* _WORK INSTRUCTIONS_
Within the material below, transcribe exactly the lines from the one holding "Equipo de ejercicio" through the one holding "ワンピースのボトムは生地をた", keeping both ends and skipping the rest.

* _EXERCISE MATERIAL_
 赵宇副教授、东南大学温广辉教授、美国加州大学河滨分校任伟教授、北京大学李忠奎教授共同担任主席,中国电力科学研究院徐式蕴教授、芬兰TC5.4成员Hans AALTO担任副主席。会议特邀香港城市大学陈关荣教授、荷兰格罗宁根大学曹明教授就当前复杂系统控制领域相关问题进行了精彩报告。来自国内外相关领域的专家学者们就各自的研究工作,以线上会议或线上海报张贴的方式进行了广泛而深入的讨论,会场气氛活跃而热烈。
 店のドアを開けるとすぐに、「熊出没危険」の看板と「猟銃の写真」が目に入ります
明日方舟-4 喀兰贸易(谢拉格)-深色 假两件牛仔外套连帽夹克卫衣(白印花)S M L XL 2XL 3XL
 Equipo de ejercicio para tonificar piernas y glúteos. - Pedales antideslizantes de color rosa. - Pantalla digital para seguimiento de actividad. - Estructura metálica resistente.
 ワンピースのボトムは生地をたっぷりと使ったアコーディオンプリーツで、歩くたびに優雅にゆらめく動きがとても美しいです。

---

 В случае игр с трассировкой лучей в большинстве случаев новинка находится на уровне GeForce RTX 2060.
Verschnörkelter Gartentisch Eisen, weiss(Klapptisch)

* _OUTPUT BELOW_
 Equipo de ejercicio para tonificar piernas y glúteos. - Pedales antideslizantes de color rosa. - Pantalla digital para seguimiento de actividad. - Estructura metálica resistente.
 ワンピースのボトムは生地をたっぷりと使ったアコーディオンプリーツで、歩くたびに優雅にゆらめく動きがとても美しいです。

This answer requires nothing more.